Byte-level modeling becomes viable: MTP absorbs much of the performance penalty from longer byte sequences and then recovers the inference cost with large speedups (Section 3.3), enabling universal tokenization strategies.
Research directions
Adaptive or learned lookahead: Automatically choosing or scheduling n during training (Section 7 suggests loss balancing, e.g., learned scales as in Défossez et al., 2022).
Vocabulary and tokenization co-design: Optimal vocabulary size for MTP may differ from next-token training (Section 7). Jointly tuning vocabulary and n could improve compute-per-byte trade-offs.
Auxiliary targets in embedding space: Predicting future embeddings or compressed signals (Section 7; LeCun, 2022) might yield stronger long-horizon features with fewer parameters per head.
Integration with alignment: Study how MTP interacts with instruction tuning, RLHF, and tool use; investigate whether MTP-trained models are more robust to exposure bias during long chain-of-thought generation.

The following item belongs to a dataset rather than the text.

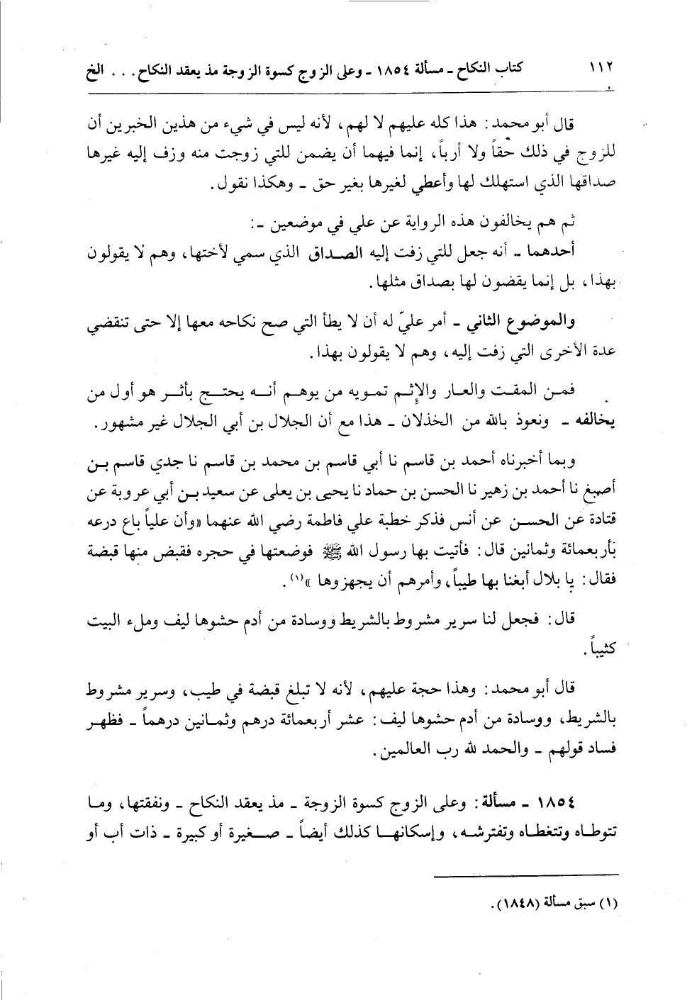 وَبِمَا أَخْبَرَنَاهُ أَحْمَدُ بْنُ قَاسِمٍ نا أَبِي قَاسِمُ بْنُ مُحَمَّدِ بْنِ قَاسِمٍ نا جَدِّي قَاسِمُ بْنُ أَصْبَغَ نا أَحْمَدُ بْنُ زُهَيْرٍ نا الْحَسَنُ بْنُ حَمَّادٍ نَا يَحْيَى بْنُ يَعْلَى عَنْ سَعِيدِ بْنِ أَبِي عَرُوبَةَ عَنْ قَتَادَةَ عَنْ الْحَسَنِ عَنْ أَنَسٍ فَذَكَرَ خِطْبَةَ عَلِيٍّ فَاطِمَةَ - رَضِيَ اللَّهُ عَنْهُمَا - «وَأَنَّ عَلِيًّا بَاعَ دِرْعَهُ بِأَرْبَعِمِائَةٍ وَثَمَانِينَ قَالَ: فَأَتَيْتُ بِهَا رَسُولَ اللَّهِ - صَلَّى اللَّهُ عَلَيْهِ وَسَلَّمَ - فَوَضَعْتُهَا فِي حِجْرِهِ فَقَبَضَ مِنْهَا قَبْضَةً فَقَالَ: يَا بِلَالٌ أَبْغِنَا بِهَا طِيبًا، وَأَمَرَهُمْ أَنْ يُجَهِّزُوهَا» قَالَ: فَجُعِلَ لَنَا سَرِيرٌ مَشْرُوطٌ بِالشَّرْطِ وَوِسَادَةٌ مِنْ أُدْمٍ حَشْوُهَا لِيفٌ وَمِلْءُ الْبَيْتِ كَثِيبًا.

Mechanistic interpretability: Use the synthetic results (Section 4) as a starting point to locate and characterize “lookahead circuits,” induction heads, and choice-point detectors formed under MTP.
Conceptual takeaway
Giving the model a training signal that explicitly cares about what comes next—not just the very next token—rebalances learning toward decisions that shape future text. This reduces the training–inference mismatch and leads to both better generative performance and faster decoding, especially in settings where long-range coherence and planning matter (Sections 3 and 5).